The three bolded items above are the only three items for which results were reported on in the article (items 1, 3, and 7) and in the corresponding Monkey Cage post. In other words, the researchers selected 3 of 14 items to assess the evaluative penalty for darker skin. [Update: Footnote 16 in the article reported results for the combination of lazy, black, poor, welfare, crime, and dirty (p=0.078).]

If I'm using the correct formula, there are 16,369 different combinations of 14 items that could have been reported, not counting the null set and not counting reporting on only one item. Hopefully, I don't need a formula or calculation to convince you that there is a pretty good chance that random assignment variation alone would produce an associated two-tailed p-value less than 0.05 in at least one of those 16,369 combinations. The fact that the study reported one of these combinations doesn't provide much information about the evaluative penalty for darker skin.

The really discomforting part of this selective reporting is how transparently it was done: the main text of the article noted that only 3 of 14 puzzle-type items were selected, and the supplemental file included the items about Obama's competency, Obama's trustworthiness, and the Obama feeling thermometer. There was nothing hidden about this selective reporting, from what I can tell.

---

Notes:

1. For what it's worth, the survey had an item asking whether Obama's race is white, black, or mixed. But that doesn't seems to be useful for measuring an evaluative penalty for darker skin, so I didn't count it.

2. It's possible that the number of permutations that the peer reviewers would have permitted is less than 16,369. But that's an open question, given that the peer reviewers permitted 3 of 14 potential outcome variables to be reported [Update: ...in the main text of the article].

3. The data are not publicly available to analyze, so maybe the selective reporting in this instance didn't matter. I put in a request last week for the data, so hopefully we'll find out.

---

UPDATE (Jan 12, 2016)

1. I changed the title of the post from "Researchers select 1 of 16,369 combinations to report" to "Researchers select 2 of 16,369 combinations to report", because I overlooked footnote 16 in the article. Thanks to Solomon Messing for the pointer.

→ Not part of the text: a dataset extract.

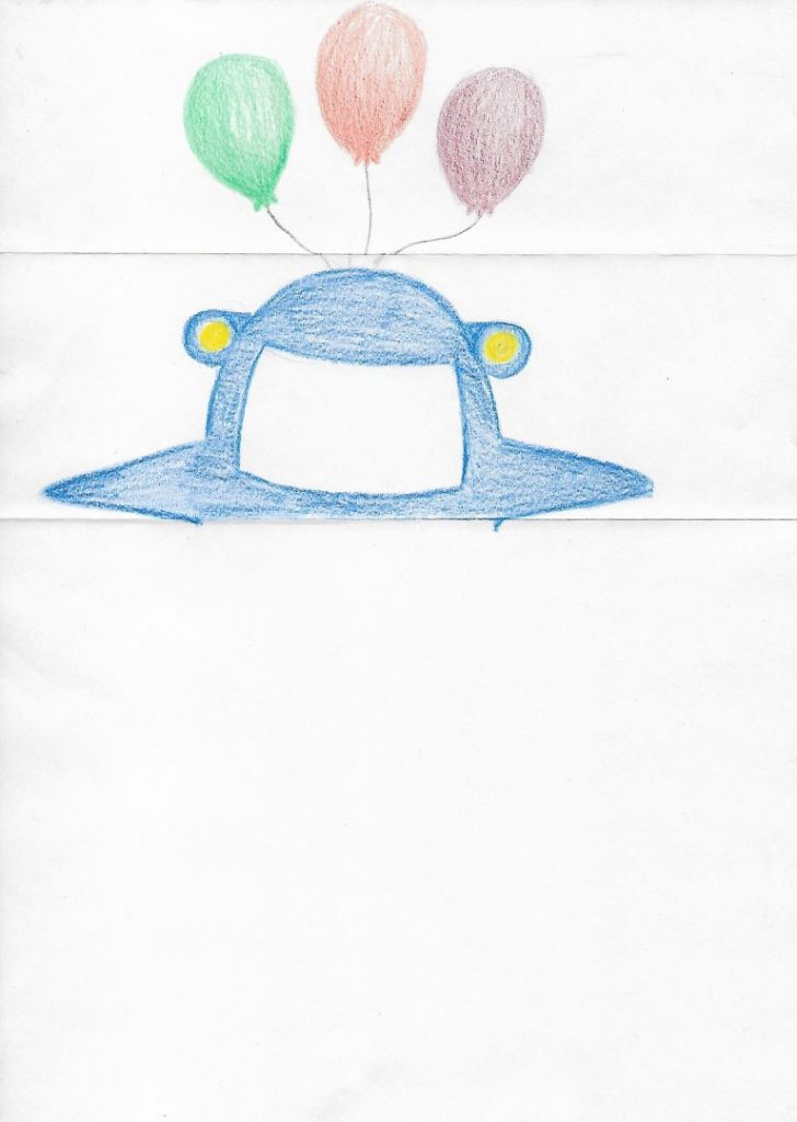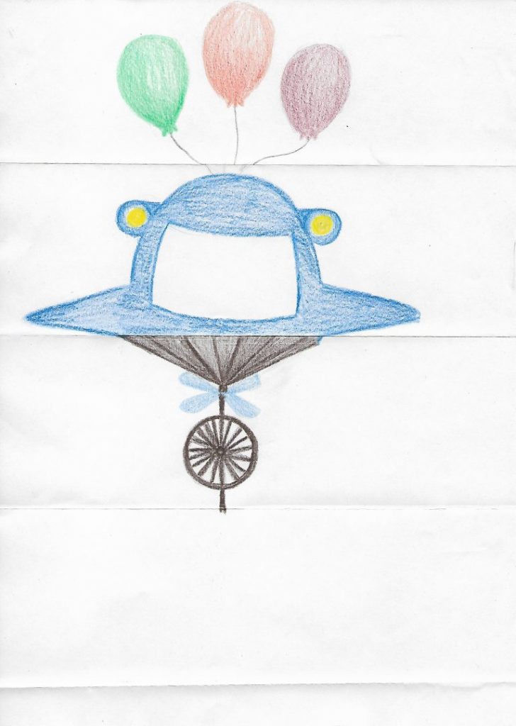 Eine*r von Euch beginnt und malt den obersten Teil Eures Fliwatüüts. Danach wird dieser Teil abgeknickt, sodass die nächste Person nicht sehen kann, was davor gemalt wurde. Das geht dann immer so weiter: Jemand malt und knickt das gemalte dann ab und gibt das Blatt weiter.

2. Omar Wasow noted that two of the items had a misspelling of Barack Obama's first name. Those misspellings appear in the questionnaire in the supplemental file for the article.

---

UPDATE (Jan 13, 2016)

1. Solomon Messing noted that data for the article are now available at the Dataverse. I followed as best I could the posted R code to reproduce the analysis in Stata, and I came close to the results reported in the article. I got the same percentages for the three word puzzles as the percentages that appear the article: 33% for the lightened photo, and 45% for the darkened photo, with a small difference in t-scores (t=2.74 to t=2.64). Estimates and t-scores were also close for the reported result in footnote 16: estimates of 0.98 and 1.11 for me, and estimates of 0.97 and 1.11 in the article, with respective t-scores of 1.79 and 1.77. Compared to the 630 unexcluded respondents for the article, I had 5 extra respondents after exclusions (635 total).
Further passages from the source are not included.